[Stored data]
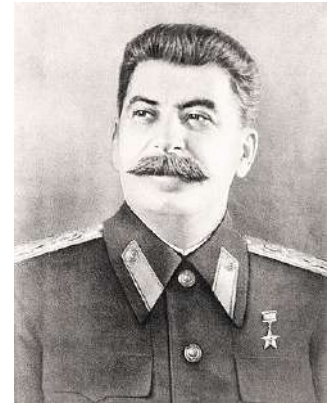
Imatge 5. Retrat oficial de Iósif Stalin.

Va néixer a la regió caucàsica de Geòrgia sotmesa al poder dels tsars. Va quedar orfe sent molt jove i va estudiar en un seminari eclesiàstic, d'on va ser expulsat per les seves idees revolucionàries el 1899. En deixar el seminari es va unir a la lluita clandestina dels socialistes russos en contra del règim tsarista. El 1903 es va unir al Partit Socialdemòcrata seguint a la facció bolxevic que encapçalava Lenin.
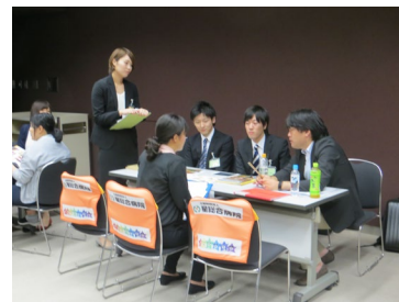
■個別説明・相談会
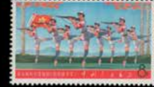
du n° 141
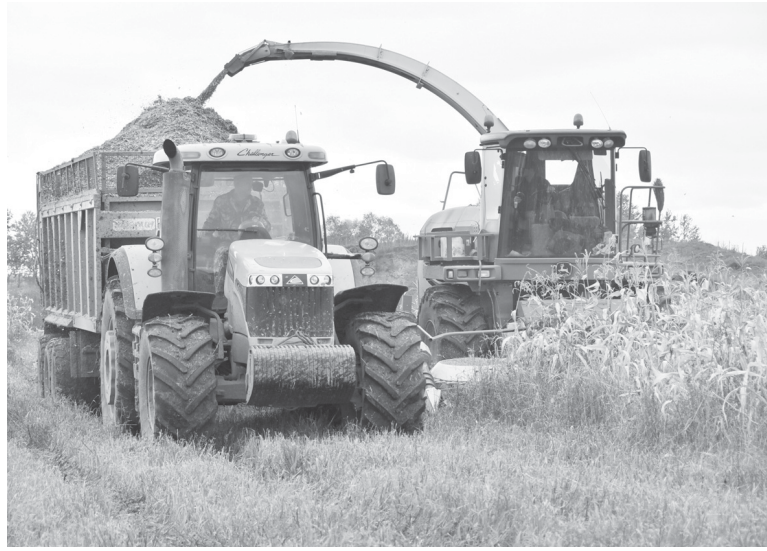
Уборка кукурузы в «Междуречье» идет полным ходом

«Изначально силос являлся молокогонным кормом для коров. Отказываться от него начали по двум причинам. Во-первых, из-за недозревания он не имел высокой калорийности, что сказывалось на качестве молока. Во-вторых, из-за ошибок в технологии заготовки молоко получалось со специфическим запахом, который на молзаводах не могли удалить. Над этой проблемой специалисты АПК серьезно поработали. Новые технологии позволяют получить силос с высокими показателями по калорийности, также у него минимизирована кислотность, и
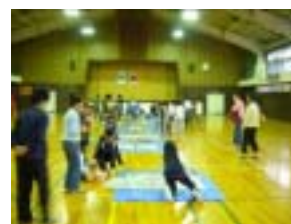
ロケットはうまく飛ばせたかな

地球温暖化などの環境問題で話題の二酸化炭素(以下、CO 2 )を取り上げた。まずは CO 2 の性質を調べ、その後工作活動に入った。工作では、入浴剤の入ったフィルムケースに水を入れて CO 2 を発生させ、ロケットのように飛ばすものである。実際に飛ばしながら “ どうしたら遠くまで飛ばすことができるか ” を考え、工夫を加えながら、科学への関心を深めた。
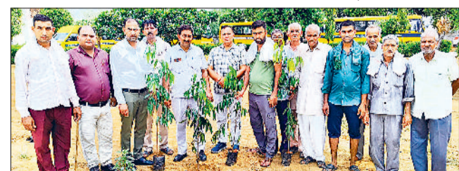
महेन्द्रगढ़। विद्यालय में पौधारोपण करते हुए।
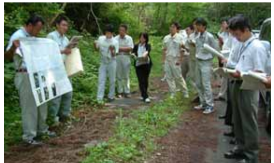
【現地研修】 中山間総合農地防災事業（水路トンネル）（五ヶ瀬町）
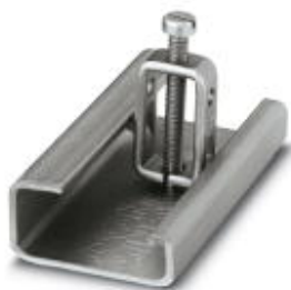
Endhalter, Breite: 8 mm

Bitte beachten Sie, dass die hier angegebenen Daten dem Online-Katalog entnommen sind. Die vollständigen Informationen und Daten entnehmen Sie bitte der Anwenderdokumentation. Es gelten die Allgemeinen Nutzungsbedingungen für Internet-Downloads. ( http://phoenixcontact.de/download )
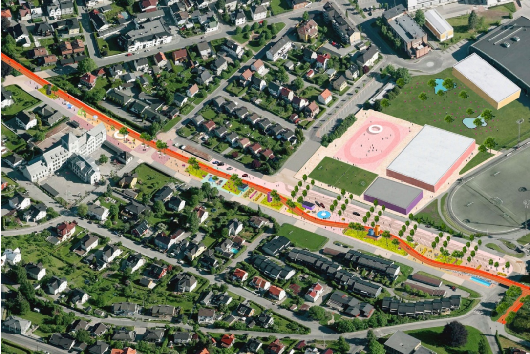
Illustrasjon fra mulighetsstudien, Gilhardi og Hellsten, 2017

I 2017 ble det laget en mulighetsstudie for bruk av den gamle jernbanetraseen som en gang- og sykkelvei, integrert i et system av by- og uterom (se illustrasjon under).
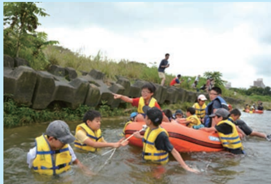
誰もが安心して遊べる川へ

下水道が整備された地域では、トイレの汚水や生活雑排水を速やかに下水道へ接続しなければなりません。しかし、平成28年度末時点で4,485件もの未接続物件があります。未接続物件からの生活排水は川
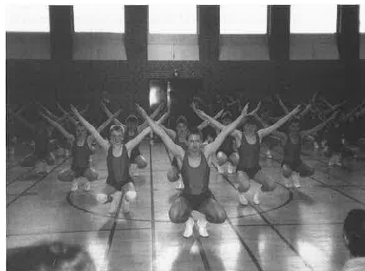
Opvisning ved forældredagen.
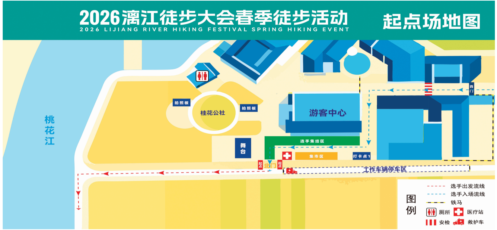
▲起点示意图。

对于桂林而言，这条路线承载的远不止一场万人徒步活动，它是文体旅商农融合发展的生动实践，更是一次将活动流量转化为消费留量的创新探索。当徒步者从“看风景的人”真正变成“风景里的人”，秀甲天下的桂林山水也不再只是眼睛里的画面，而是心中探寻的“诗与远方”的真正目的地。
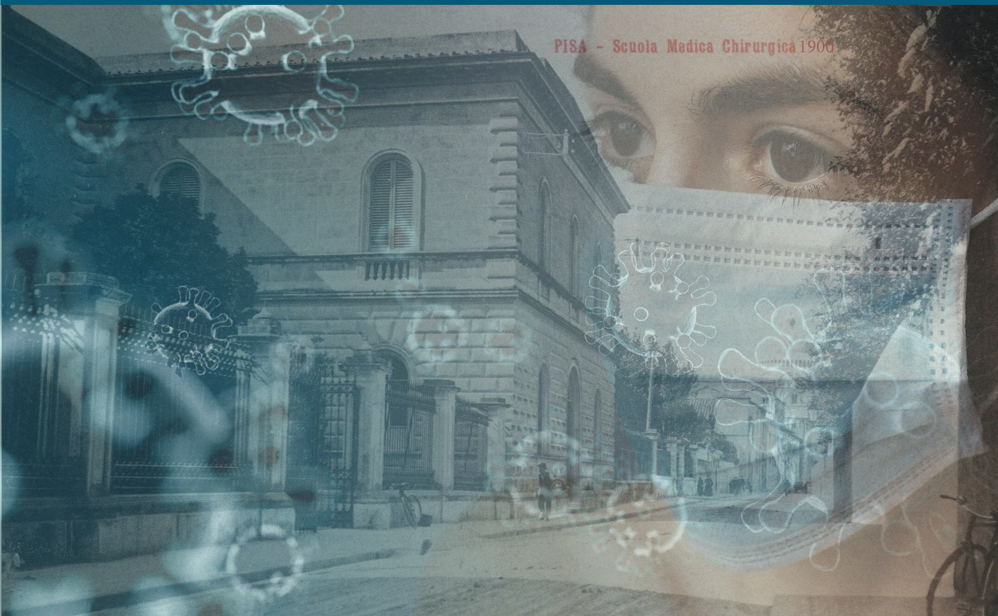
PISA - Scuola Medica Chirurgica 1900

DALLA EMERGENZA SANITARIA ALLA STABILIZZAZIONE FINANZIARIA DELLA SANITÀ PUBBLICA
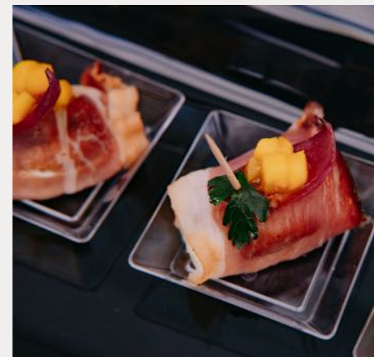
Kozi ser z figą w szynce szwarcwaldzkiej
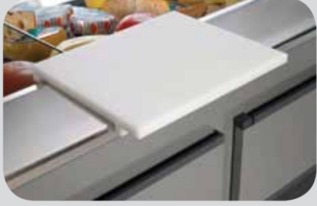
Asse tagliere. Cutting board. Planche à couper. Schneidebrett. Tabla de corte. Доска для резки.
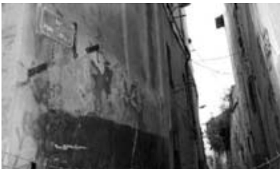
El carrer del Pont Trencat d'Avinyó, on al segle XV hi havia el prostíbul (Fotografia de Didier Boisseuil).

dreu i multipliqueu-vos i ompliu la terra i senyoregeu-la i domineu els peixos de la mar; els ocells del cel i tots els rèptils que s'arrosseguen per la terra») utilitza un argument propi dels heretges seguidors d'Epicur, el filòsof que va defensar l'amor carnal com un dels béns suprems, segons Francesc Eiximenis (Renedo 1994). Per demostrar que la monja en qüestió ha voltat molt, Jaume Roig amplia una frase proverbial, «córrer la Seca i la Meca i la Vall d'Andorra» amb topònims de la seva collita. La Seca i la Meca són els noms de dos castells propers. El primer és el castell d'Ars, anomenat la Seca i que es troba a la comarca de l'Alt Urgell. El segon és un castell andorrà, situat prop d'Ordino. Si Vila-seca i Santa Creu no es poden identificar amb exactitud ja que hi ha diversos indrets als quals correspon la nomenclatura, la Volta d'en Torra i el Pont Trencat fan referència, sense cap mena de dubte, a dos prostíbuls públics de dues ciutats importants. Com hem vist més amunt, la Volta d'en Torra és un dels bordells de Barcelona. El Pont Trencat és el prostíbul d'Avinyó, la ciutat dels papes que Petrarca anomenava la Babilònia de l'oest. El bordell d'Avinyó es trobava agrupat al voltant de diversos carrers que envoltaven una placeta amb arbres (Rossiaud 1986: 13), prop del Pont Trencat que als segles XIV i XV comunicava amb la vila nova (Pansier 1979: 181). Consta l'existència a Avinyó d'una casa de banys que duia el mateix nom (Rossiaud 1986: 14).
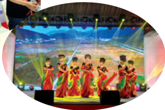
▲ 极具乡土气息和民族文化特色的“大美四川·百强名村”农民故事汇。
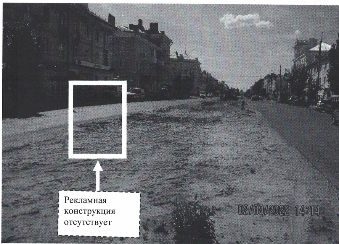
Фото №2: пр.Ленина в районе д.99 – после проведения работ по демонтажу.
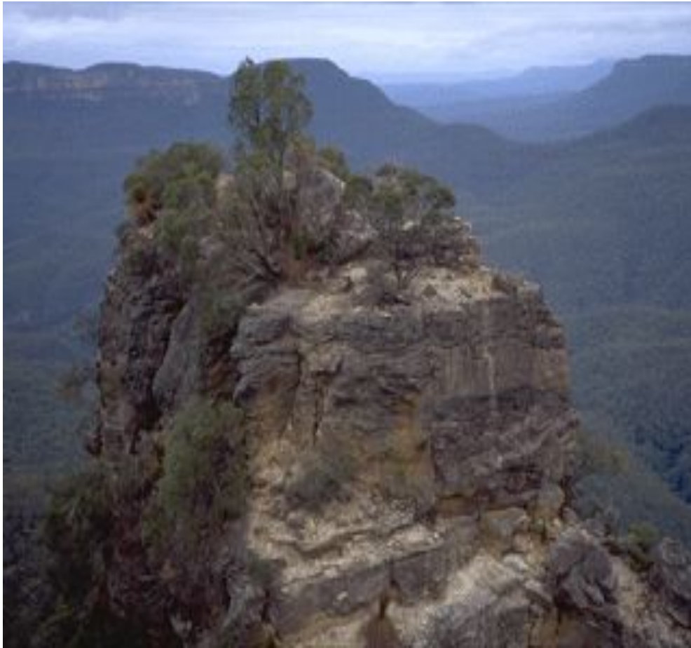
Южная часть Большого Водораздельного хребта выше северной его оконечности.
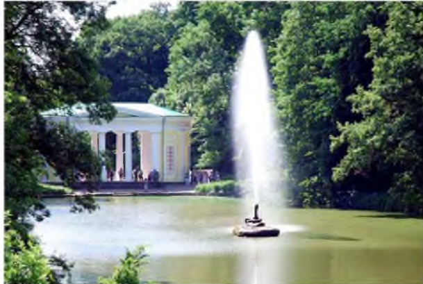
Фонтан "Змія", 1890 р. Загальний вигляд.

**TASK GOAL**.
Print an exact copy of the lines above, from the one containing "PISA - Scuola Medica Chirurgica 1900" through the one containing "Asse tagliere. Cutting", and leave out the pictures.

**TASK RESPONSE**.
PISA - Scuola Medica Chirurgica 1900

DALLA EMERGENZA SANITARIA ALLA STABILIZZAZIONE FINANZIARIA DELLA SANITÀ PUBBLICA
Kozi ser z figą w szynce szwarcwaldzkiej
Asse tagliere. Cutting board. Planche à couper. Schneidebrett. Tabla de corte. Доска для резки.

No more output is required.